Assignment: Write out the line with "Be the first" and every later line through the end of the data below, exactly as given, with no pictures in the copy.

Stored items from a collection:
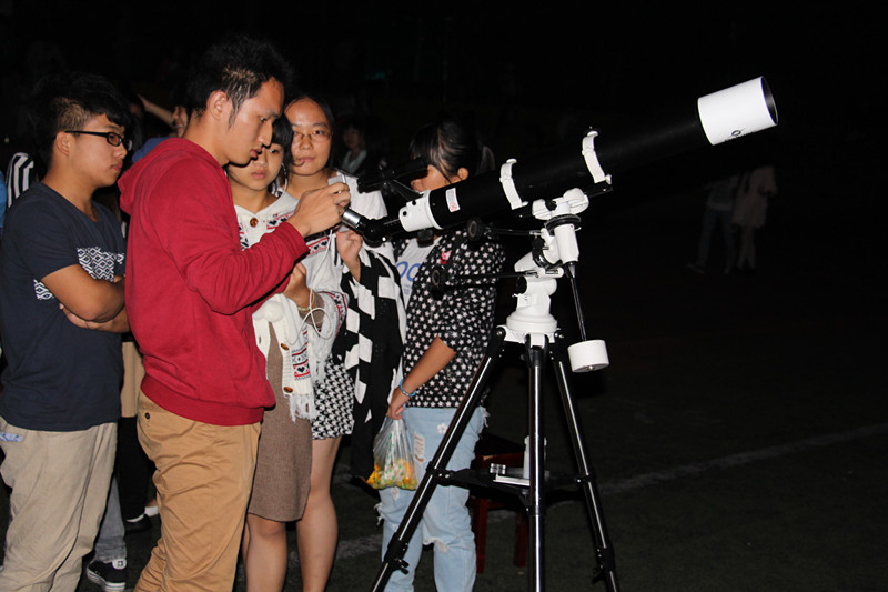 本网讯(青媒记者 王谋清) “ 哇!这是你自己买的望远镜吗,我可不可以看看月亮。” 10月8日晚,天空出现了月全食天象,来自计算机学院的祝小伟带来自己的天文望远镜早早赶到足球场,等候这一罕见天象,吸引了不少同学前来围观。
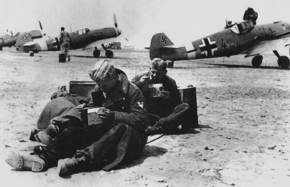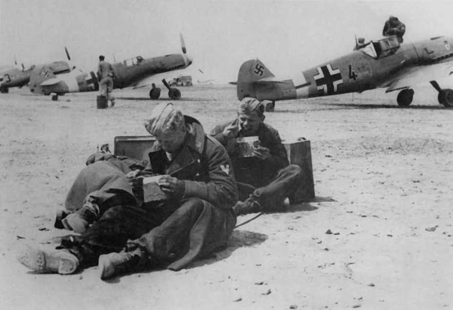 Me109F4Trop-II.5.JG27-Black(4+-)-II-Gruppe-Black-Bear-On-Red-Trimmed-White-Shield-&-Red-Crown-On-Top-(Berlin-Bear)-Emblem-Ground-Crew-Taking-a-Meal-On-the-Line-At-Martuba-Cyrenaica-Libya-North-Africa-February-1942-146less1f-s.jpg (69K)
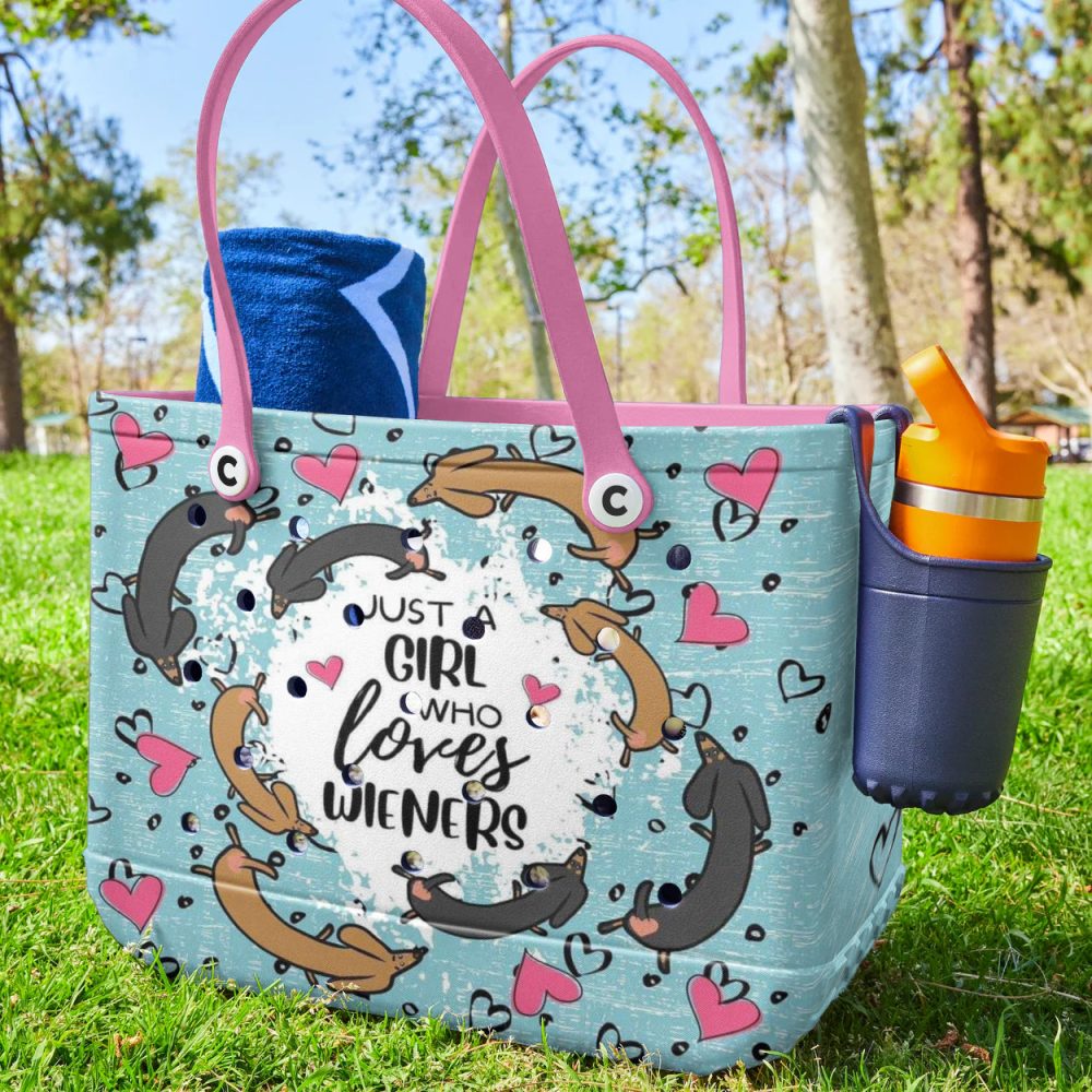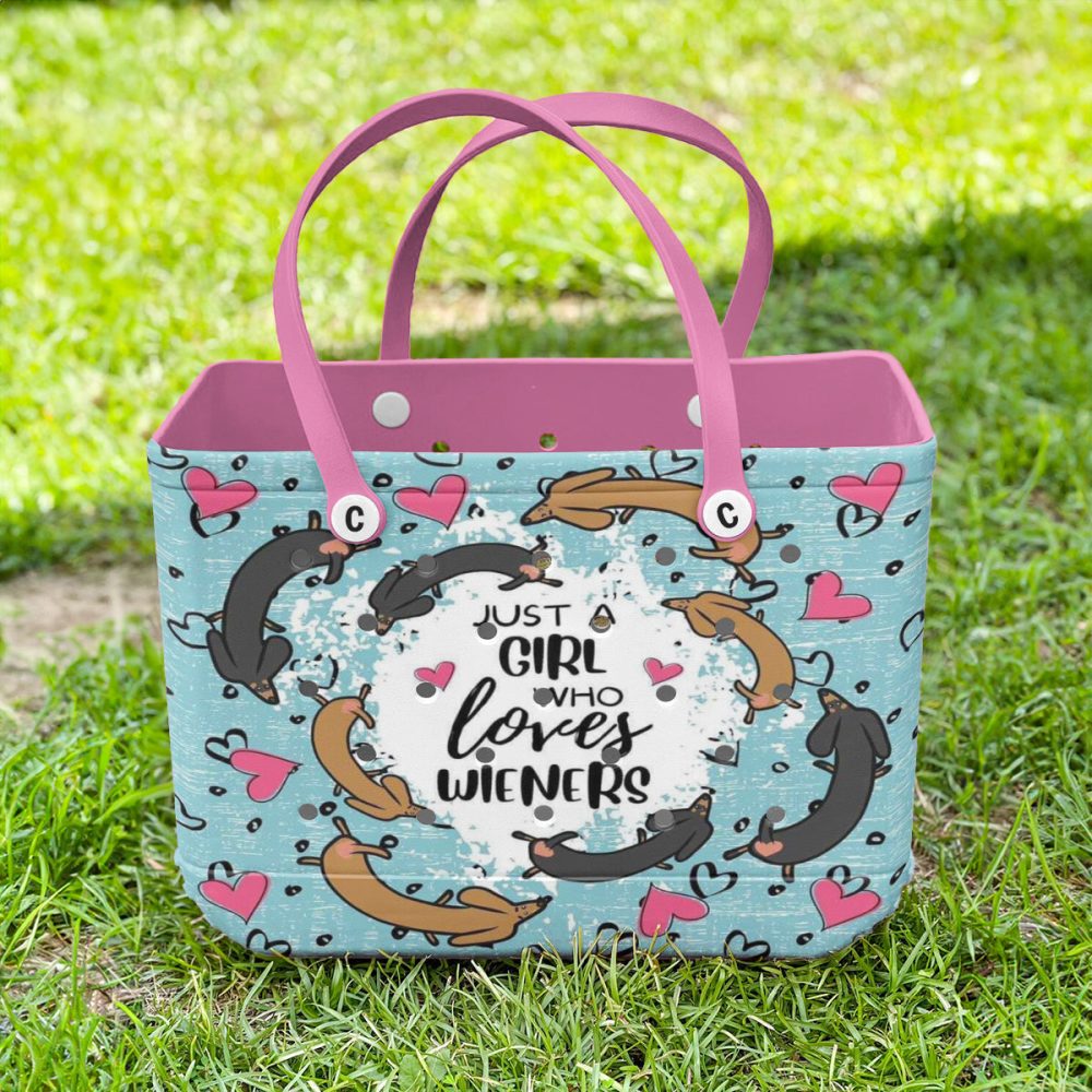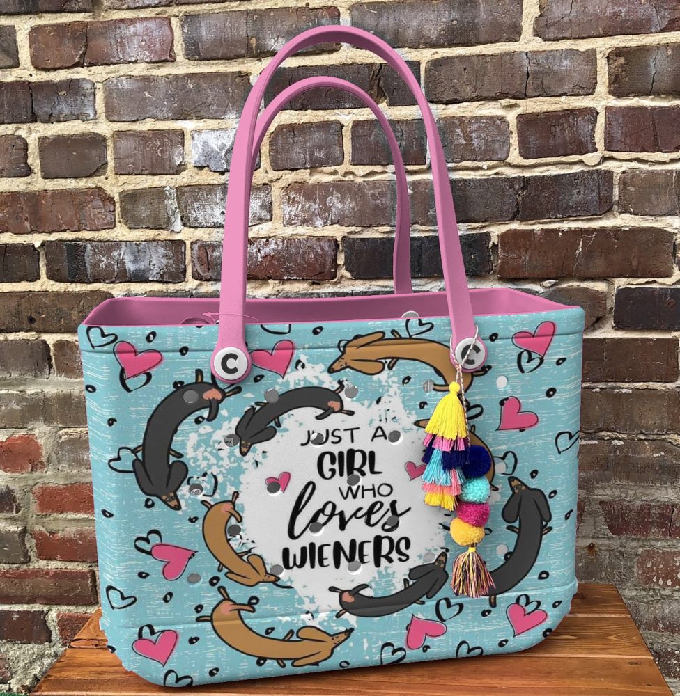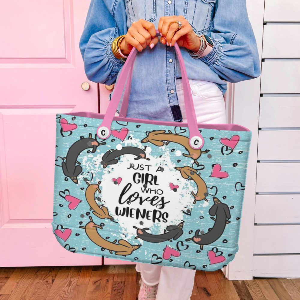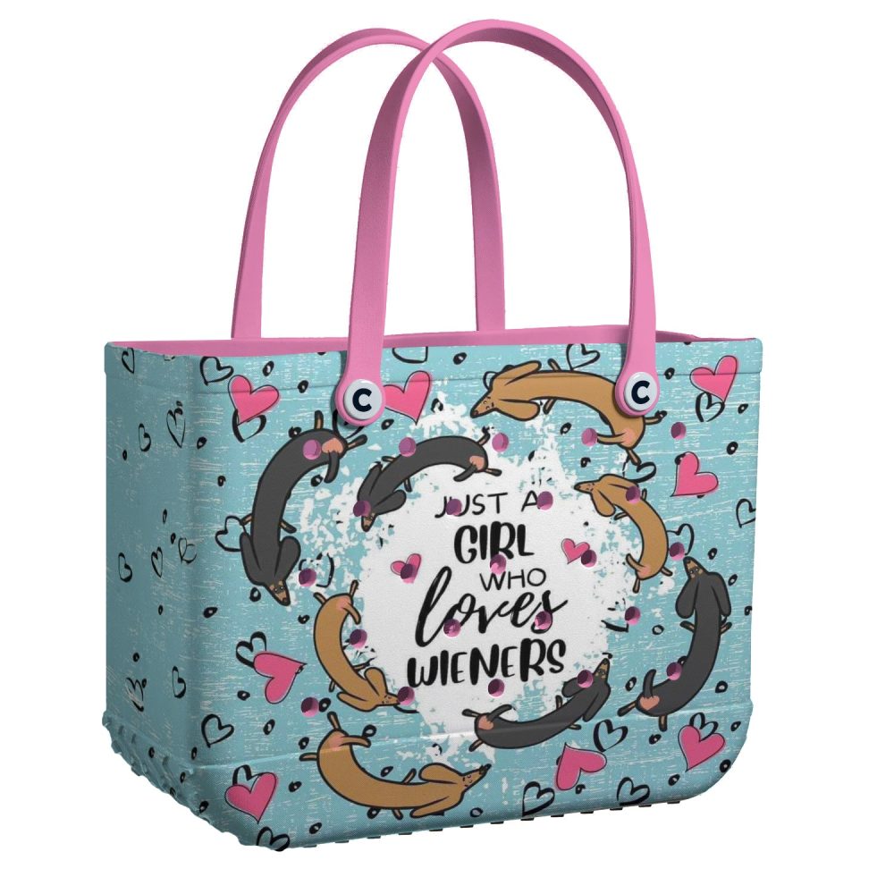 Be the first to review “Dachshund Lover Tote Bag – Cute & Stylish Wiener Dog Design With Pink Handles”
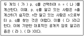 다음 지문은 공개키 암호방식에 대한 내용을 설명한 것이다. (가)~(마)에 들어가야 할 단어로 옳은 것은?
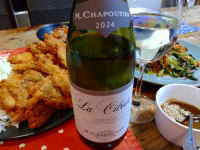フランス北ローヌの赤。シラー50%、グルナッシュ40%、ムールヴェードル10%。ギガルのネゴシアンもの。シラー50%というシラー主体のワイン。大樽で1年半の熟成という丁寧な造りに期待して抜栓。透明度は中程度ですがそそられる色合い。樽香もよし。タンニンがしっかり。酸は少し甘めですが程よい味わいでよいバランスです。ただし20分もすると果実味押しに変身するのでそのつもりで飲むのがよいかも。鶏もも肉の唐揚げの梅だれかけ。梅肉(自家製梅)、大葉、酒、だしのたれでさっぱりとした味わいに。揚げ麺の中華餡かけも蒲鉾を入れて色合いもOK。

Task output:
 Be the first to review “Dachshund Lover Tote Bag – Cute & Stylish Wiener Dog Design With Pink Handles”
 다음 지문은 공개키 암호방식에 대한 내용을 설명한 것이다. (가)~(마)에 들어가야 할 단어로 옳은 것은?
フランス北ローヌの赤。シラー50%、グルナッシュ40%、ムールヴェードル10%。ギガルのネゴシアンもの。シラー50%というシラー主体のワイン。大樽で1年半の熟成という丁寧な造りに期待して抜栓。透明度は中程度ですがそそられる色合い。樽香もよし。タンニンがしっかり。酸は少し甘めですが程よい味わいでよいバランスです。ただし20分もすると果実味押しに変身するのでそのつもりで飲むのがよいかも。鶏もも肉の唐揚げの梅だれかけ。梅肉(自家製梅)、大葉、酒、だしのたれでさっぱりとした味わいに。揚げ麺の中華餡かけも蒲鉾を入れて色合いもOK。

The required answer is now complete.